用于钠和钾存储的具有优异性能的分级空心CoP@C复合材料的简便合成
Angew Chem Int Ed Engl. 2020 Mar 23;59(13):5159-5164. doi: 10.1002/anie.201913683. Epub 2020 Feb 25.
4
Flexible Membrane Consisting of MoP Ultrafine Nanoparticles Highly Distributed Inside N and P Codoped Carbon Nanofibers as High-Performance Anode for Potassium-Ion Batteries.由高度分布在氮和磷共掺杂碳纳米纤维内部的MoP超细纳米颗粒组成的柔性膜作为钾离子电池的高性能阳极
Small. 2020 Jan;16(2):e1905301. doi: 10.1002/smll.201905301. Epub 2019 Dec 10.
5
Inorganic Gel-Derived Metallic Frameworks Enabling High-Performance Silicon Anodes.无机凝胶衍生金属框架助力高性能硅阳极
Nano Lett. 2019 Sep 11;19(9):6292-6298. doi: 10.1021/acs.nanolett.9b02429. Epub 2019 Aug 22.
6
Embracing high performance potassium-ion batteries with phosphorus-based electrodes: a review.采用磷基电极的高性能钾离子电池综述
Nanoscale. 2019 Sep 7;11(33):15402-15417. doi: 10.1039/c9nr05588f. Epub 2019 Aug 13.
7
FeP/C Composites as an Anode Material for K-Ion Batteries.FeP/C复合材料作为钾离子电池的负极材料
ACS Appl Mater Interfaces. 2019 Jun 26;11(25):22364-22370. doi: 10.1021/acsami.9b04774. Epub 2019 Jun 12.
8
Differential Homeostasis of Sessile and Pendant Epithelium Reconstituted in a 3D-Printed "GeminiChip".3D 打印“双子芯片”中再构成的固着和悬垂上皮的差异稳态。
Adv Mater. 2019 Jul;31(28):e1900514. doi: 10.1002/adma.201900514. Epub 2019 May 12.
9
Additive-free MXene inks and direct printing of micro-supercapacitors.无添加剂的MXene油墨与微型超级电容器的直接印刷。
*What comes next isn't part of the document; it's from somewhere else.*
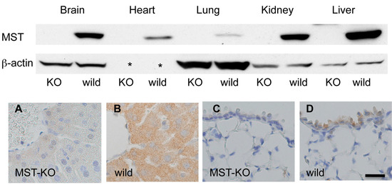 Expression of MST in MST gene–deficient mice. (Upper panel) No expression of MST in the brain, heart, lungs, kidneys, and liver of MST gene–deficient mouse (KO). β-actin is not detected in the heart (asterisk); (Lower panel) Immunohistochemistry for MST in an MST gene–deficient mouse (MST-KO) and a control mouse (wild); (A,B) Liver; (C,D) Lung. Bar = 20 μm.

Nat Commun. 2019 Apr 17;10(1):1795. doi: 10.1038/s41467-019-09398-1.
10
A nonaqueous potassium-ion hybrid capacitor enabled by two-dimensional diffusion pathways of dipotassium terephthalate.由对苯二甲酸钾二维扩散途径实现的非水钾离子混合电容器。
Chem Sci. 2018 Dec 10;10(7):2048-2052. doi: 10.1039/c8sc04489a. eCollection 2019 Feb 21.